The geometric processing means includes:
5. The image processing apparatus according to claim 4, wherein a bundle adjustment result for all combinations is input, and a bundle adjustment result for a combination of feature points having the smallest number of iterations is output.

The geometric processing means includes:
Input the result of bundle adjustment performed for all combinations of feature points for all combinations, and output the result of bundle adjustment for the combination of feature points with the smallest reprojection error The image processing apparatus according to claim 4.

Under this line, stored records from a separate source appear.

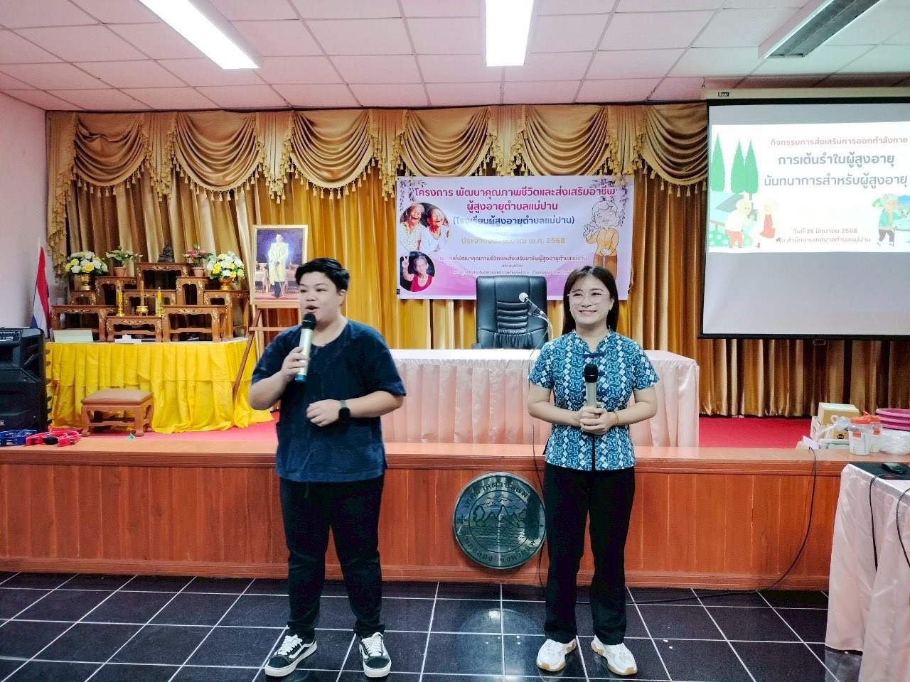 วันที่ 27 มิถุนายน 2568 นางอัจจิมา วรรณเลิศ ครู รักษาการในตำแหน่ง ผอ.สกร.ระดับอำเภอลอง มอบหมายให้ ว่าที่ร.ต.หญิง สุกัลยา ค้าไม้ ครูศูนย์การเรียนรู้ และนางสาวณัฐริกา รินทะวงศ์ ครูศูนย์การเรียนรู้ เป็นวิทยากรโครงการพัฒนาคุณภาพชีวิตและส่งเสริมอาชีพผู้สูงอายุตำบลแม่ปาน (โรงเรียนผู้สูงอายุตำบลแม่ปาน) ประปีปีงบประมาณ พ.ศ.2568 กิจกรรมการส่งเสริมการออกกำลังกาย โดยการเต้นรำและนันทนาการสำหรับผู้สูงอายุ ณ เทศบาลตำบลแม่ปาน อำเภอลอง จังหวัดแพร่
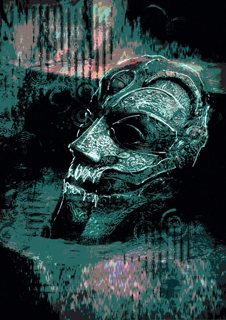 Even in the dark of my own shadow blocking the dim trickle of sun, I can see it: wide eyes set in deep protruding ridges, a crooked smile, five sharp teeth above and five flat ones below, limp leather thongs to hold it to my head. It is too present, too distinct, like something drawn in ash and chalk over the duller surface of the ordinary world.
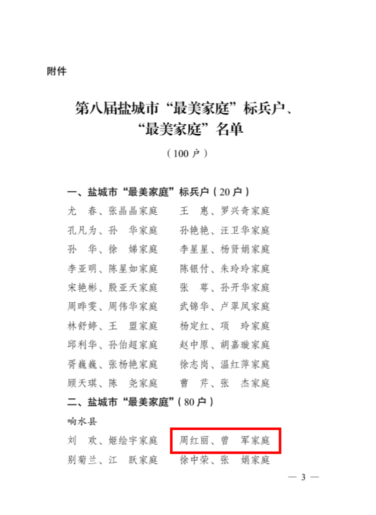 盐城港响水港区曾军家庭荣获盐城市“最美家庭”称号
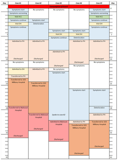 Seven males, aged between 22 to 36 years, caught a wild monitor lizard and consumed the raw meat together in a shared meal in Vientiane Province, Lao PDR, on 21 May 2020. All seven individuals developed symptoms within one week. Case history for cases 1 to 5 is provided in Figure 2. Over a course of one month, cases 1 to 5 presented at either a local Healthcare Clinic and/or District Hospital. Cases 1 to 5 were later admitted to or transferred to the Provincial Hospital, 103 Military Hospital (Vientiane capital) and Mahosot Hospital (Vientiane capital). Initial treatments consisted of antibiotics and antipyretics, while no steroids were given. All five cases were successfully treated at Mahosot and 103 Military Hospitals following treatment with dexamethasone/prednisolone and albendazole and were discharged on days 34 to 41. Cases 6 and 7 did not attend any medical facilities and followed home treatments. Of the seven individuals, two were local farmers, while five were serving members of the Lao military. Individual case details are given below and in Table 1.
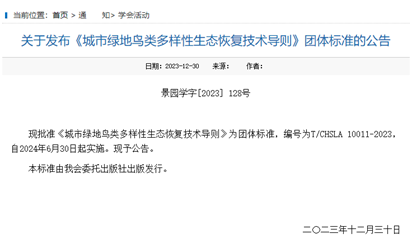 中国风景园林学会于2023年12月30日正式发布《城市绿地鸟类多样性生态恢复技术导则》团体标准,编号为T/CHSLA 10011-2023,自2024年6月30日起实施。这一标准旨在为城市绿地的鸟类生态恢复提供科学指导,并推动城市绿地建设与保护工作。该导则由我校牵头编制,参编单位分别为广东省科学院动物研究所、广州草木蕃环境科技有限公司、中国城市建设研究院有限公司、中国科学院昆明动物研究所、上海市园林科学规划研究院、广东省深圳市生态环境监测中心站、广州市华南自然保护与生态修复研究院。
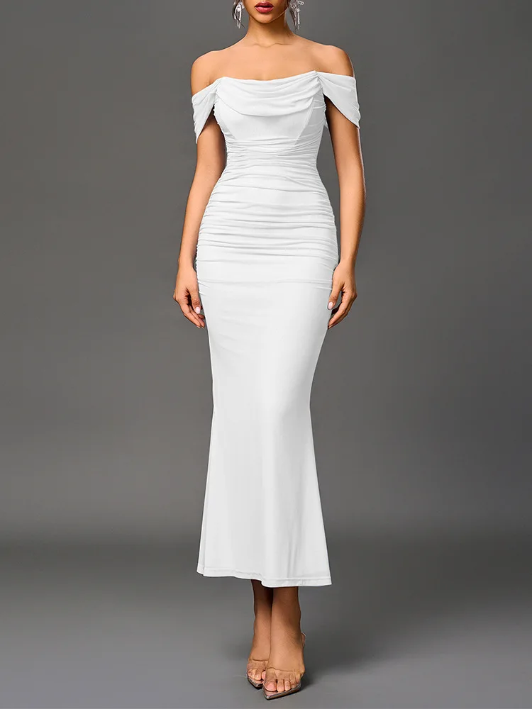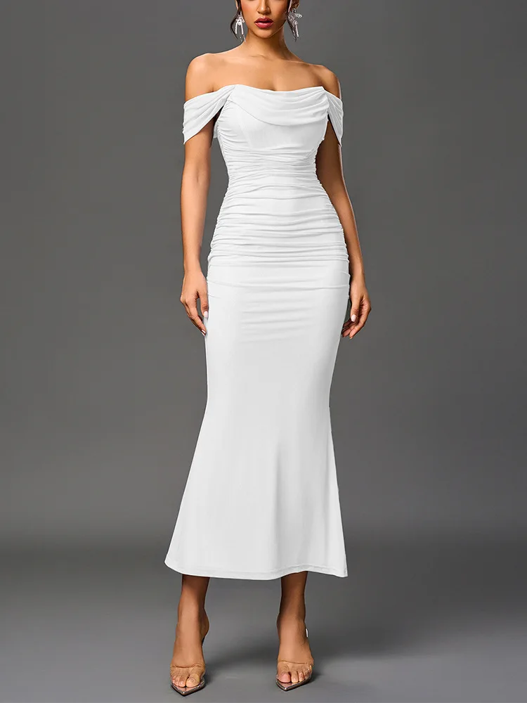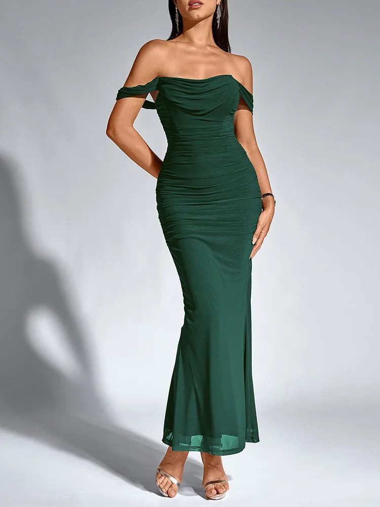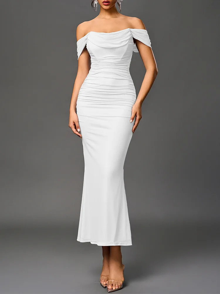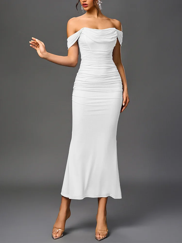 Sexy One Shoulder Tight Fitting Pleated Net Skirt Wrap Bodycon Dress Polyester H
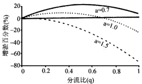 根據(jù)(2)式計算了不同分流分沙比時對河道增加淤積的情況(圖2)。圖中縱坐標為增淤百分數(shù),等于(ΔW′s1-2-ΔWs1-2)/Ws1.由圖可以看出:河段內(nèi)引水對河道沖淤影響與原河道沖淤(Ps21)、分流比(q)、分沙比(a)和流量指數(shù)(α)有關,并得到以下幾點認識:
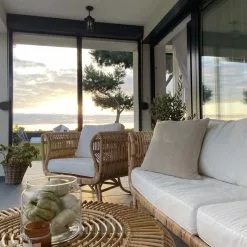 Una mesa de centro con estilo no está reservada para interiores. Este mueble, diseñado para el uso en exteriores, presenta un aspecto rústico gracias al ratán. La estructura se basa en un marco de metal que asegura estabilidad. Combina bien en un ambiente boho.
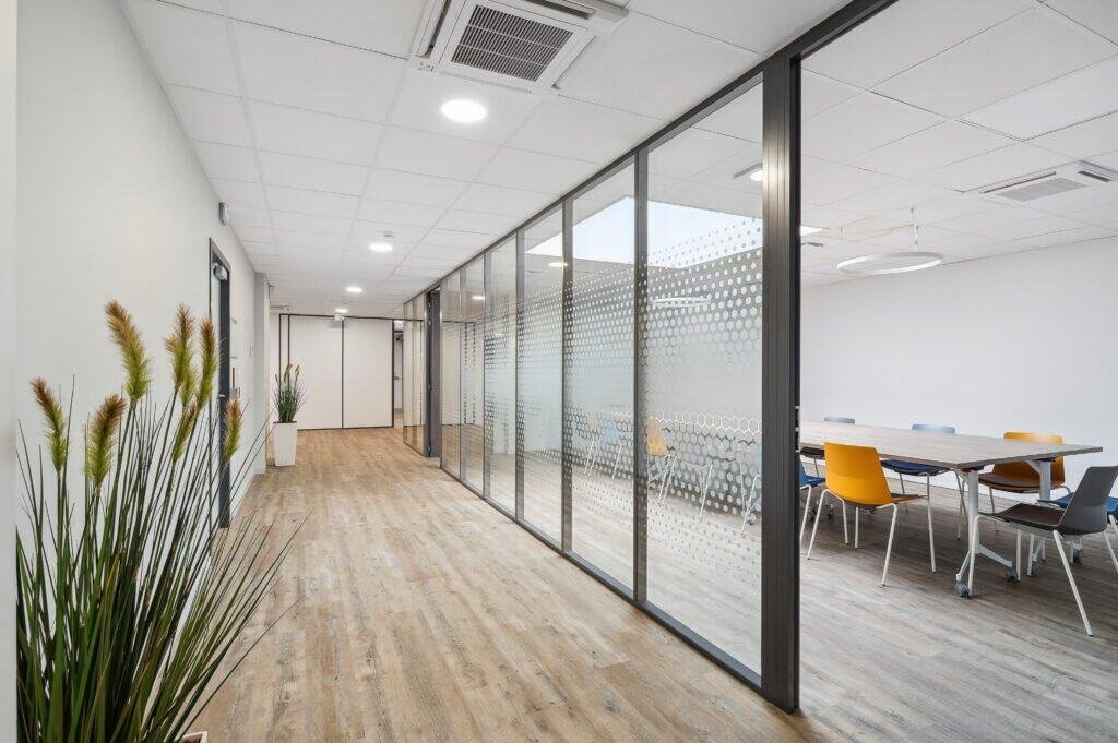 Erilia, acteur engagé du logement social, souhaitait repenser son plateau de bureaux d’environ 290 m² à Annemasse pour moderniser ses espaces et renforcer son identité visuelle. Le besoin était de créer des zones de travail harmonieuses et lumineuses, conformes à la charte graphique de l’entreprise, tout en optimisant la circulation, l’accueil des visiteurs et la gestion de la lumière naturelle dans un état initial peu favorable.

An image processing method for estimating camera parameters of a camera that has photographed each of the focus-able images from two focus-ble images that are images with variable depths to be focused and having overlapping regions,
An input step for inputting the two refocus-able images, the number of the refocused image that is the number of divisions of the image focused on a predetermined depth, and the internal parameters of the camera;
An image processing step of detecting and outputting each of the feature points of the focused image and the feature point correspondence group between the focused images from the two focused-able images;
And a geometric processing step of estimating the camera parameter from the feature point correspondence group and the position of the feature point.

An image processing program for causing a computer to function as the image processing apparatus according to claim 1.